> _What you will do_
Word for word, transcribe the data below from the line with "كما حظيت أنباء" to the line with "近日,南航澳洲官方发布一则公", keeping both of those lines.

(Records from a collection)
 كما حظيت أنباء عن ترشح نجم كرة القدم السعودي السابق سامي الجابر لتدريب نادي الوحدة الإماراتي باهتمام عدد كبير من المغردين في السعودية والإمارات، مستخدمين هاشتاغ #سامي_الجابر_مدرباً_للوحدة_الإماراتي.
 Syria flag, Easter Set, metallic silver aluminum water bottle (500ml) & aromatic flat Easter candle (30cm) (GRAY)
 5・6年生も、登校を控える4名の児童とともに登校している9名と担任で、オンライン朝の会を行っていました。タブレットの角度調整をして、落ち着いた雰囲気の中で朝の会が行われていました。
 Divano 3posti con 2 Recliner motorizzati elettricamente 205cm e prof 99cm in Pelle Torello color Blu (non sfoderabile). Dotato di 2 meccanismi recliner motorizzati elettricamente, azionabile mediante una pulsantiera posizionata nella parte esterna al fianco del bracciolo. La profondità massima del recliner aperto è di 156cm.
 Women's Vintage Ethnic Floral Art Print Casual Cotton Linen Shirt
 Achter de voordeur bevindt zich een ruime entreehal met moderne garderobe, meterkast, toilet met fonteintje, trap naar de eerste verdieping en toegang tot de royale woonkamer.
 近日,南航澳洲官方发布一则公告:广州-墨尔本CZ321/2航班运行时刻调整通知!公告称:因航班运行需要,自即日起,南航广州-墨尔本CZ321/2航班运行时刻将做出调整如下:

...

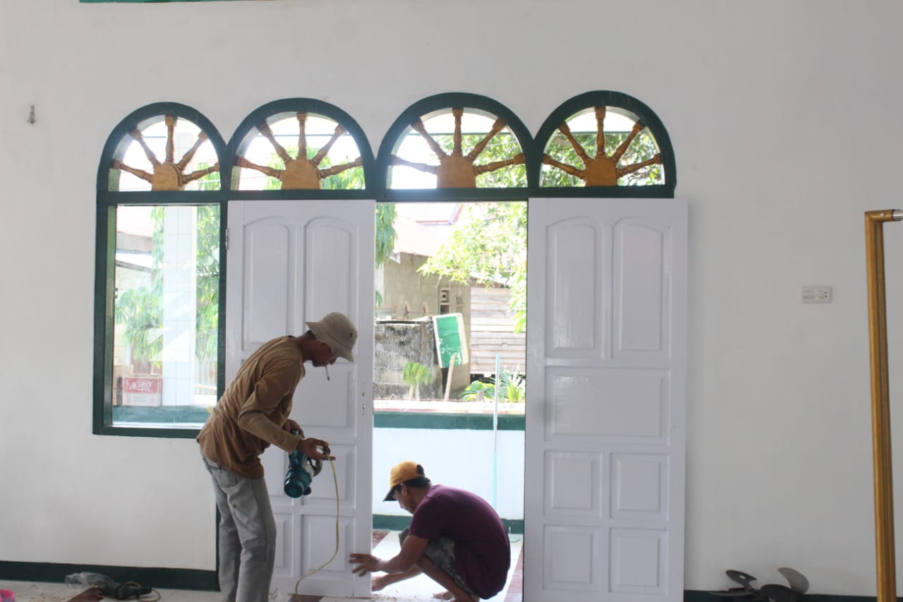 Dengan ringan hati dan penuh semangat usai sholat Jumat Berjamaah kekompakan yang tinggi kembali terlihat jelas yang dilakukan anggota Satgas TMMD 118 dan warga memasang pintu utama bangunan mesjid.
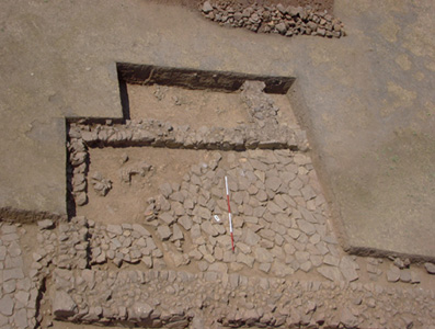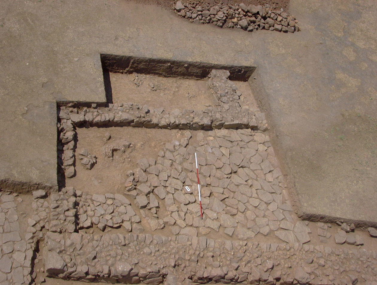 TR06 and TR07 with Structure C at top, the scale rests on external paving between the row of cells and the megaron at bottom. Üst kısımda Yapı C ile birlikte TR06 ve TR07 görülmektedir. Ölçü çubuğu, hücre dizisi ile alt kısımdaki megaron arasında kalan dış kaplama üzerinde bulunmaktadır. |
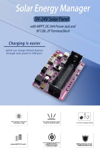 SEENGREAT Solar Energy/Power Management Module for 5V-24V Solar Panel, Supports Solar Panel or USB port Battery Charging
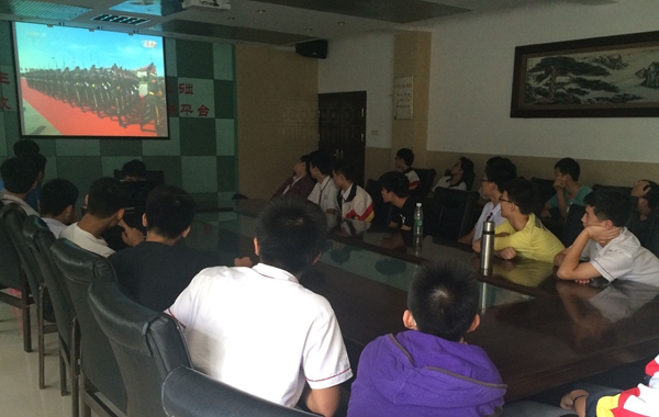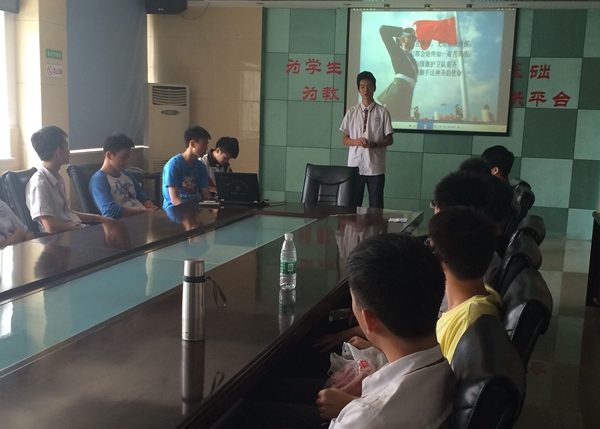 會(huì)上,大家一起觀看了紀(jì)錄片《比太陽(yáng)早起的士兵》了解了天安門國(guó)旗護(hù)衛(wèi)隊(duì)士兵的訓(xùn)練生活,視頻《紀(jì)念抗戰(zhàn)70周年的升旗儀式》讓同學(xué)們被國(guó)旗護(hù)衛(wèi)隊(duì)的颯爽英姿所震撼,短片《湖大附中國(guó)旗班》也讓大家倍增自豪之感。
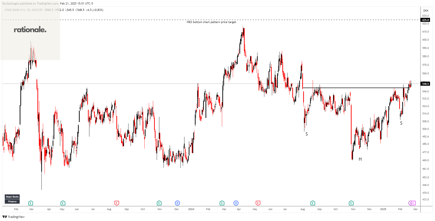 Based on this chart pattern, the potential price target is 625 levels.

> _Task response_
 كما حظيت أنباء عن ترشح نجم كرة القدم السعودي السابق سامي الجابر لتدريب نادي الوحدة الإماراتي باهتمام عدد كبير من المغردين في السعودية والإمارات، مستخدمين هاشتاغ #سامي_الجابر_مدرباً_للوحدة_الإماراتي.
 Syria flag, Easter Set, metallic silver aluminum water bottle (500ml) & aromatic flat Easter candle (30cm) (GRAY)
 5・6年生も、登校を控える4名の児童とともに登校している9名と担任で、オンライン朝の会を行っていました。タブレットの角度調整をして、落ち着いた雰囲気の中で朝の会が行われていました。
 Divano 3posti con 2 Recliner motorizzati elettricamente 205cm e prof 99cm in Pelle Torello color Blu (non sfoderabile). Dotato di 2 meccanismi recliner motorizzati elettricamente, azionabile mediante una pulsantiera posizionata nella parte esterna al fianco del bracciolo. La profondità massima del recliner aperto è di 156cm.
 Women's Vintage Ethnic Floral Art Print Casual Cotton Linen Shirt
 Achter de voordeur bevindt zich een ruime entreehal met moderne garderobe, meterkast, toilet met fonteintje, trap naar de eerste verdieping en toegang tot de royale woonkamer.
 近日,南航澳洲官方发布一则公告:广州-墨尔本CZ321/2航班运行时刻调整通知!公告称:因航班运行需要,自即日起,南航广州-墨尔本CZ321/2航班运行时刻将做出调整如下:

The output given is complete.